How many American lives could vaping save?

  • According to the most comprehensive peer-reviewed research on the effects of switching coordinated by the George Washington University Medical Center, if a majority of smokers in the United States quit smoking through the use of e-cigarettes over the next ten years, there would be 6.6 million fewer premature deaths with 86.7 million fewer life-years lost.
  • A further study was released in August 2020 which examined the proportion of U.S. smoking-produced mortality that e-cigarettes might eliminate and produced 360 possible scenarios. Of these 357 (99%) yielded positive estimates of life-years saved (LYS) due to vaping by 2100, from 143,000 to 65 million
  • SOURCE: Levy DT, Borland R, Lindblom EN, et al. Potential deaths averted in USA by replacing cigarettes with e-cigarettes. Tobacco Control. 2018; 27:18-25.
  • SOURCE: David Mendez, PhD, Kenneth E Warner, PhD, A magic bullet? The potential impact of e-cigarettes on the toll of cigarette smoking, Nicotine & Tobacco Research


The Science of Vaping

  • Are Electronic Nicotine Delivery Systems (ENDS) safer than smoking?

To be effective as a tobacco harm reduction strategy, vaping must be proven to be safer than smoking. With more than a decade of extensive research and thousands of academic papers, it has been conclusively proven that vaping is safer. The most comprehensive meta-analysis of all available studies was conducted by Public Health England (an agency of the British Government) and the Royal College of Physicians, the world’s oldest medical body. According to the results, vaping is at least 95 percent safer than smoking. These figures have been consistently re-affirmed every year since the first analysis came out in 2015.

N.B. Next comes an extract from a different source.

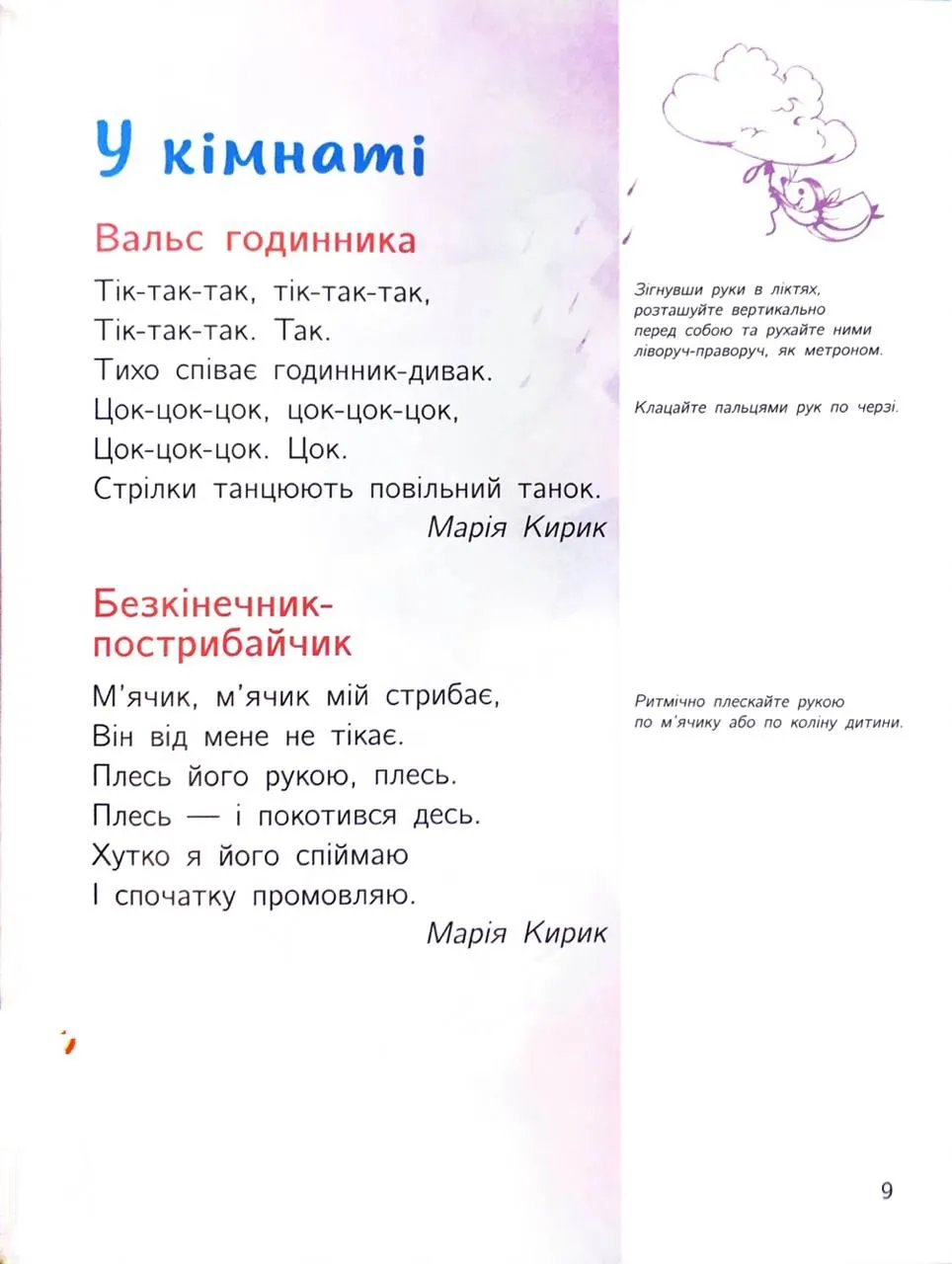 Матеріал дозволяє плекати у дитини емоційний зв'язок з дорослими, формує відчуття безпеки та сприяє мовленнєвому й сенсорному розвитку. У книзі подано короткі, ритмічні тексти легкої форми — вони запам’ятовуються та викликають у дітей радість від взаємодії з батьками.

  • While some academics and policymakers may disagree with the exact 95% figure, there is no doubt that the lack of combustion in e-cigarettes makes them significantly safer than traditional cigarettes.
  • SOURCE: McNeill A, Brose LS, Calder R, Hitchman SC, Hajek P, McRobbie HJ. E-cigarettes: an evidence update. A report commissioned by Public Health England. 2015.
  • SOURCE: Beaglehole R, Bates C, Youdan B, Bonita R. Nicotine without smoke: fighting the tobacco epidemic with harm reduction. The Lancet. 2019; 394(10200), 718-720.
  • SOURCE: Tobacco Advisory Group of the Royal College of Physicians. Nicotine without smoke – tobacco harm reduction. London: RCP. 2016.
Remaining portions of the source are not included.